Tohoku Dataset¶
The second dataset used in this study is contributed by students at Tohoku University.
Minimal Example¶
# -------------------------------------------------------------------------
# STEP-1: LOAD LIBRARIES
# Base libraries
import os
from pathlib import Path
# Database library
import duckdb
# Custom osbad library for anomaly detection
import osbad.config as bconf
from osbad.database import BenchDB
# -------------------------------------------------------------------------
# STEP-2: LOAD CELL INVENTORY FOR CELL_INDEX
# Path to the DuckDB instance:
# "train_dataset_severson.db"
db_filepath = (
Path.cwd()
.parent
.joinpath("database","train_dataset_severson.db"))
print(db_filepath)
# Create a DuckDB connection
con = duckdb.connect(
db_filepath,
read_only=True)
# Load all training dataset from duckdb
df_duckdb = con.execute(
"SELECT * FROM df_train_dataset_sv").fetchdf()

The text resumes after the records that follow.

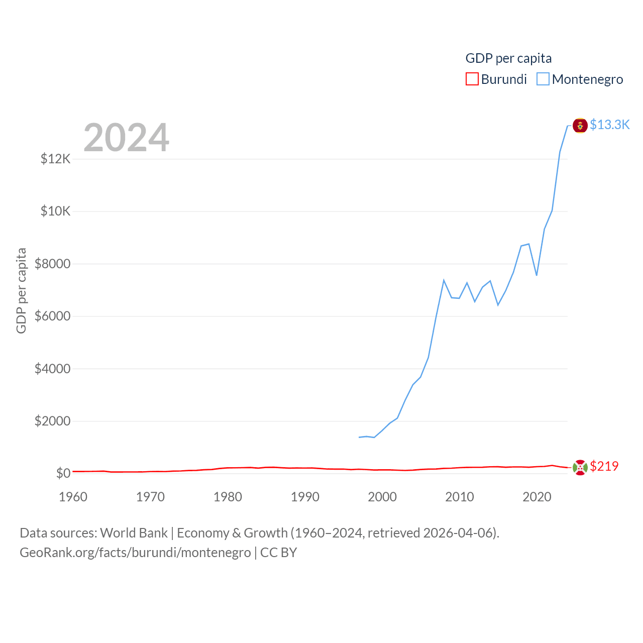 By GDP, Burundi ranks 169/197 ($3.08B) and Montenegro ranks 155/197 ($8.27B). By GDP per capita, Burundi ranks 197/197 ($219.4), while Montenegro ranks 77/197 ($13,263).
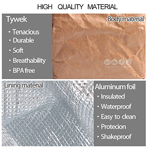 - ★HIGH QUALITY--6Liters(8"Long*4.3"Width*10"Height) Body material is strong Tywek fabric, light weight, durable, tenacious, resistant to tear, water-resistance, breathable. since the fiber meticulous, liquid water, oil cannot be permeate easily, but gas and vapor can pass through, easy to clean when food spilled, the inner is constructed of aluminum foil which is modified high quality, leak-proof, we checked each product and make sure it's functional. .
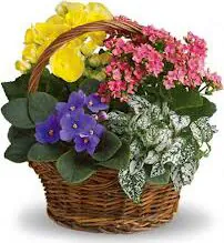 Composizione in cesto di piante fiorite miste dai toni allegri. Esprime allegria e felicità. Adatta per occasioni come nascita, felicitazioni, compleanni, matrimoni, anniversari e inaugurazioni.
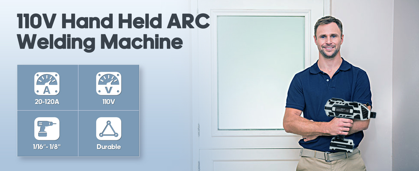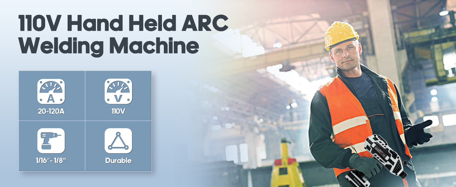 - 【20-120 Amp Welding Output】The handheld welder machine come with 20-120Amp welding output adjustable, simple knob design, 6 variable current adjustment, instant arc starting, non-stick welding rod. The operation is simple and easy to use.

unique_cell_index_train = df_duckdb["cell_index"].unique()
print(unique_cell_index_train)
# Get the cell-ID from unique_cell_index_train
selected_cell_label = "2017-05-12_5_4C-70per_3C_CH17"
# Create a subfolder to store fig output
# corresponding to each cell-index
selected_cell_artifacts_dir = bconf.artifacts_output_dir(
selected_cell_label)
# -------------------------------------------------------------------------
# STEP-3: LOAD BENCHMARKING DATASET
# Import the BenchDB class
# Load only the dataset based on the selected cell
benchdb = BenchDB(
db_filepath,
selected_cell_label)
# load the benchmarking dataset
df_selected_cell = benchdb.load_benchmark_dataset(
dataset_type="train")
if df_selected_cell is not None:
filter_col = [
"cell_index",
"cycle_index",
"discharge_capacity",
"voltage"]
# Drop true labels from the benchmarking dataset
# and filter for selected columns only
df_selected_cell_without_labels = benchdb.drop_labels(
df_selected_cell,
filter_col)
# Extract true outliers cycle index from benchmarking dataset
true_outlier_cycle_index = benchdb.get_true_outlier_cycle_index(
df_selected_cell)
print(f"True outlier cycle index:")
print(true_outlier_cycle_index)
# -------------------------------------------------------------------------
# STEP-4: PLOT CYCLING DATASET
# Plot cell data with true anomalies
# If the true outlier cycle index is not known,
# cycling data will be plotted without labels
benchdb.plot_cycle_data(
df_selected_cell_without_labels,
true_outlier_cycle_index)